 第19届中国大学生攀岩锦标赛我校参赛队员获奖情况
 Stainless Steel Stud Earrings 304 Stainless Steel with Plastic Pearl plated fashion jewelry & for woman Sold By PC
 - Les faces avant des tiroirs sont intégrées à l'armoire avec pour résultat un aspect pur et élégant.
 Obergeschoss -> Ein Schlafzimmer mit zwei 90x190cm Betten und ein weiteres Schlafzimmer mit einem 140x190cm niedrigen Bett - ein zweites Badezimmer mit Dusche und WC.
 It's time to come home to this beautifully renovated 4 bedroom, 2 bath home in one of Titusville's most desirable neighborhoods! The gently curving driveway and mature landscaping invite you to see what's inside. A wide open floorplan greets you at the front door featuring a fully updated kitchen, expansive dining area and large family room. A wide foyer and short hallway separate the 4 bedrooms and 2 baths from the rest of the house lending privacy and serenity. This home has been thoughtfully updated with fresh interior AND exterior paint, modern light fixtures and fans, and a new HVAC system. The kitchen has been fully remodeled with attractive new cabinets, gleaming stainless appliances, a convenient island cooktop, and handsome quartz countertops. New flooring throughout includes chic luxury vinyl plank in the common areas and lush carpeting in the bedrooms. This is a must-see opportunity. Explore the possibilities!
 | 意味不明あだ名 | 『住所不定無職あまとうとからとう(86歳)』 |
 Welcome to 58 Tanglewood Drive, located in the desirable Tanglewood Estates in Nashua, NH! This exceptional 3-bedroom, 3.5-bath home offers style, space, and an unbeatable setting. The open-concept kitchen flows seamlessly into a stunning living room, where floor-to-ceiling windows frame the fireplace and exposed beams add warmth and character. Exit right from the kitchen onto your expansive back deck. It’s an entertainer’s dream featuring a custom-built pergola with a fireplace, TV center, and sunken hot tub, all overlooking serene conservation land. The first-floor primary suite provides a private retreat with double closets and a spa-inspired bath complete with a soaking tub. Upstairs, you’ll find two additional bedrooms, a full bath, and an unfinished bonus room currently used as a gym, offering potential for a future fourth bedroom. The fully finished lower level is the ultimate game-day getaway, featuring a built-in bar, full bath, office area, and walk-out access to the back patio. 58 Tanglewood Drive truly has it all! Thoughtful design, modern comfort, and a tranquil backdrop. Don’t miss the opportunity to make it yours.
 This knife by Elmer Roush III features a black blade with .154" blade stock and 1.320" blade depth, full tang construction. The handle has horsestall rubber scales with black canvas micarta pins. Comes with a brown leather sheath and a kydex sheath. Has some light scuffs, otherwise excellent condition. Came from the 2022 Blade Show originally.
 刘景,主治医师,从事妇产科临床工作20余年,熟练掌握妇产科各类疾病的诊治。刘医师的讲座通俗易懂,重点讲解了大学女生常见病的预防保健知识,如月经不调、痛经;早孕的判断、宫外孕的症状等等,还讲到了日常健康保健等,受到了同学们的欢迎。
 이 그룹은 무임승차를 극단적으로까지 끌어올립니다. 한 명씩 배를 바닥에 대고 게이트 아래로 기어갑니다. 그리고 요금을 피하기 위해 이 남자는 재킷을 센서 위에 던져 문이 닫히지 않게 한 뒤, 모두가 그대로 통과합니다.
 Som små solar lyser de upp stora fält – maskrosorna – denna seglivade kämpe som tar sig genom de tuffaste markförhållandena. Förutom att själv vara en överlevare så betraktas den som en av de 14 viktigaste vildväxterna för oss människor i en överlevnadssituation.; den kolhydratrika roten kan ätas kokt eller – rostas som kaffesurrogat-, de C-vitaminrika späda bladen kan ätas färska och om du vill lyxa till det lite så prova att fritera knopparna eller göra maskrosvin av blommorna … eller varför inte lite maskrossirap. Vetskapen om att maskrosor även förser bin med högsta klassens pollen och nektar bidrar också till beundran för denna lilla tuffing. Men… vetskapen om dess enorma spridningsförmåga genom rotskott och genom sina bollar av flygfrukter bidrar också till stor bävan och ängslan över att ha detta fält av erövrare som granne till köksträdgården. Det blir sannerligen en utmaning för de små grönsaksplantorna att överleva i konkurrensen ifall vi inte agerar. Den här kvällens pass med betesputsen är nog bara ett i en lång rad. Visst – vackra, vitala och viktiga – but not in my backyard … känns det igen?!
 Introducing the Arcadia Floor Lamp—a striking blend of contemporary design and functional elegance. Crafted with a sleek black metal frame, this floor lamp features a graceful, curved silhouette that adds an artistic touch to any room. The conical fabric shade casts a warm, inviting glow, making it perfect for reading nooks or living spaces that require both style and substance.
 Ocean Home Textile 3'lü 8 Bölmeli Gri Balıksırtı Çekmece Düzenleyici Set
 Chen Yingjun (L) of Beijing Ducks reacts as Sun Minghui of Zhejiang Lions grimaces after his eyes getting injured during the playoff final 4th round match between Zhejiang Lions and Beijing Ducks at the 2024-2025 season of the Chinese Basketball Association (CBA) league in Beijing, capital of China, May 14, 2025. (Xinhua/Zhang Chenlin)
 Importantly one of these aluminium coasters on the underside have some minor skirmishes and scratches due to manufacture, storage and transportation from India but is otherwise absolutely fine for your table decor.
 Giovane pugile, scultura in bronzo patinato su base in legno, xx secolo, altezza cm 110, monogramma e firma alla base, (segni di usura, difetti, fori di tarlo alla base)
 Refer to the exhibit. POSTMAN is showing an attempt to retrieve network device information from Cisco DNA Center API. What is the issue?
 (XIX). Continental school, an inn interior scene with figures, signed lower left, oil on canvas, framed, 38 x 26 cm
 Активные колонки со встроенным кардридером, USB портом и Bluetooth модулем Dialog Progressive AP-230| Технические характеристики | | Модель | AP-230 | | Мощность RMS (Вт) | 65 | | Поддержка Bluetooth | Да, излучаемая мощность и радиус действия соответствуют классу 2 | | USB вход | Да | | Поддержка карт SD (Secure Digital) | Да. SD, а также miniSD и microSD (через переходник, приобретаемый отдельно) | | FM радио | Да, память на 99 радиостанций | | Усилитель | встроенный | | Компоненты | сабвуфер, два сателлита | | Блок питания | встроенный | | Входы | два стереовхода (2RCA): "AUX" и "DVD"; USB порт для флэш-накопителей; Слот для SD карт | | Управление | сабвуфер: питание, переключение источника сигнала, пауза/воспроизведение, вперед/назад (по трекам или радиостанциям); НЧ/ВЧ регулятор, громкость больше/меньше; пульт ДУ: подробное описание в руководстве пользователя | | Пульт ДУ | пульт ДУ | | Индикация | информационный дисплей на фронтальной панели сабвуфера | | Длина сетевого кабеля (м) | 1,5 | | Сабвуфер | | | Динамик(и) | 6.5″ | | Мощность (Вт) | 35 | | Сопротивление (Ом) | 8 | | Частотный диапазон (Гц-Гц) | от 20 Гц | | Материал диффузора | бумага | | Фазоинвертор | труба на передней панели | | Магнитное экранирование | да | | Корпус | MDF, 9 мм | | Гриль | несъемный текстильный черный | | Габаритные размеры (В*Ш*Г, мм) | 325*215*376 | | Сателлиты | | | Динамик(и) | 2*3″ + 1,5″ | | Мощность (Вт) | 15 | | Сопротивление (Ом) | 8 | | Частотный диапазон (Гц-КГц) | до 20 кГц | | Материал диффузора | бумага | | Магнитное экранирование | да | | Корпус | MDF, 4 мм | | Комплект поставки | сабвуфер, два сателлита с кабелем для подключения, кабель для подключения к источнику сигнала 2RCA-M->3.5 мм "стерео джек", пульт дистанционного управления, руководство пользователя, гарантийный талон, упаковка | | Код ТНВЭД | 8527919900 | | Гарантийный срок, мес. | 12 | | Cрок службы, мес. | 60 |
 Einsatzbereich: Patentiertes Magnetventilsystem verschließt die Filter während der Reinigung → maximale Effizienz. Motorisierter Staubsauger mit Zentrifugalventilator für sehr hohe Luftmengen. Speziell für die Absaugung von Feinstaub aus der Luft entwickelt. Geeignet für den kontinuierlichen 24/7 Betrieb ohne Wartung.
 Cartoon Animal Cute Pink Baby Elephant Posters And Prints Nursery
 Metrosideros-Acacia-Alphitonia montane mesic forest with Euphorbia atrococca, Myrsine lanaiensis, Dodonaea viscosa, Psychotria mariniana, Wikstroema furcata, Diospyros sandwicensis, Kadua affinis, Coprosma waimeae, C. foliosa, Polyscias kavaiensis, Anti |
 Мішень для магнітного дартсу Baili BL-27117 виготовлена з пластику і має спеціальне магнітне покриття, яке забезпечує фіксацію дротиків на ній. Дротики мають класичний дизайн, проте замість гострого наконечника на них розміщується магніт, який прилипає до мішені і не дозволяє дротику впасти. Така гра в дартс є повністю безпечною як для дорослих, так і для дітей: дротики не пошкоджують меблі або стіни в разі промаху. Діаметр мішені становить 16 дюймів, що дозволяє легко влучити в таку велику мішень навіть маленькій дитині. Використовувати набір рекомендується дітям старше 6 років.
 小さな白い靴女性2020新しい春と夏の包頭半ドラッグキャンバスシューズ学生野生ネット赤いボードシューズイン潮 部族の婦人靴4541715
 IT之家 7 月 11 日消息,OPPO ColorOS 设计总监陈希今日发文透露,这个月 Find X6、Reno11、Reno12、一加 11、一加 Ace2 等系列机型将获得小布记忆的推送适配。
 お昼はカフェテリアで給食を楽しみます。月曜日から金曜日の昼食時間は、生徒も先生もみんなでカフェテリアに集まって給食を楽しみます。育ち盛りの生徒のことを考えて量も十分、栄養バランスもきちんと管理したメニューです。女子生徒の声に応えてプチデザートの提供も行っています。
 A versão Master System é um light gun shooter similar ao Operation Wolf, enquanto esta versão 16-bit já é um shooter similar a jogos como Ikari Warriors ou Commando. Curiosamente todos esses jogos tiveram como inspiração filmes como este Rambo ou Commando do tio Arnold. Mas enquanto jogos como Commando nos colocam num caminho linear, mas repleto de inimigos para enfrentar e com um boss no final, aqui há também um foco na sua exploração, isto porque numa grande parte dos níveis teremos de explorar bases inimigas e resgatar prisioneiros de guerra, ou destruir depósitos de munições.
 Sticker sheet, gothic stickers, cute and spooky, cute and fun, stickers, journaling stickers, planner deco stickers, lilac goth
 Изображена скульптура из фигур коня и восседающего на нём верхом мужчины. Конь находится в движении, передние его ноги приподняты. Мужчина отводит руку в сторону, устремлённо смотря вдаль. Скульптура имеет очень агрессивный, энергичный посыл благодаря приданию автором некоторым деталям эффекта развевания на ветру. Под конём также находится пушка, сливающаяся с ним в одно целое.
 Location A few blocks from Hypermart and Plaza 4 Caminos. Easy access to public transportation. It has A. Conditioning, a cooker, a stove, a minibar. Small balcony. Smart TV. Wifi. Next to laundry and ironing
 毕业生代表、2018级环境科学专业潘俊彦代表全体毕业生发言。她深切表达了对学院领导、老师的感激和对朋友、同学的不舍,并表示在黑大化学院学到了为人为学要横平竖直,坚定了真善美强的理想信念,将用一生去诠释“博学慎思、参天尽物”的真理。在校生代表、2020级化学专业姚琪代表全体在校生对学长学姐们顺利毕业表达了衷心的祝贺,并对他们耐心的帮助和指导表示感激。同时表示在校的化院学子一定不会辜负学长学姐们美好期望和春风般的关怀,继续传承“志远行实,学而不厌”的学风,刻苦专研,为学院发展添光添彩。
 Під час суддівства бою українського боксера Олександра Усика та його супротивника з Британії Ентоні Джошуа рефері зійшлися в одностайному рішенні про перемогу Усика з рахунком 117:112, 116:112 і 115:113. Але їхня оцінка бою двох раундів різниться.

THE TASK:
Write down exactly the span of lines above from the one containing "Metrosideros-Acacia-Alphitonia montane mesic" to the one containing "IT之家 7 月 11", both ends included.

TASK RESULT:
 Metrosideros-Acacia-Alphitonia montane mesic forest with Euphorbia atrococca, Myrsine lanaiensis, Dodonaea viscosa, Psychotria mariniana, Wikstroema furcata, Diospyros sandwicensis, Kadua affinis, Coprosma waimeae, C. foliosa, Polyscias kavaiensis, Anti |
 Мішень для магнітного дартсу Baili BL-27117 виготовлена з пластику і має спеціальне магнітне покриття, яке забезпечує фіксацію дротиків на ній. Дротики мають класичний дизайн, проте замість гострого наконечника на них розміщується магніт, який прилипає до мішені і не дозволяє дротику впасти. Така гра в дартс є повністю безпечною як для дорослих, так і для дітей: дротики не пошкоджують меблі або стіни в разі промаху. Діаметр мішені становить 16 дюймів, що дозволяє легко влучити в таку велику мішень навіть маленькій дитині. Використовувати набір рекомендується дітям старше 6 років.
 小さな白い靴女性2020新しい春と夏の包頭半ドラッグキャンバスシューズ学生野生ネット赤いボードシューズイン潮 部族の婦人靴4541715
 IT之家 7 月 11 日消息,OPPO ColorOS 设计总监陈希今日发文透露,这个月 Find X6、Reno11、Reno12、一加 11、一加 Ace2 等系列机型将获得小布记忆的推送适配。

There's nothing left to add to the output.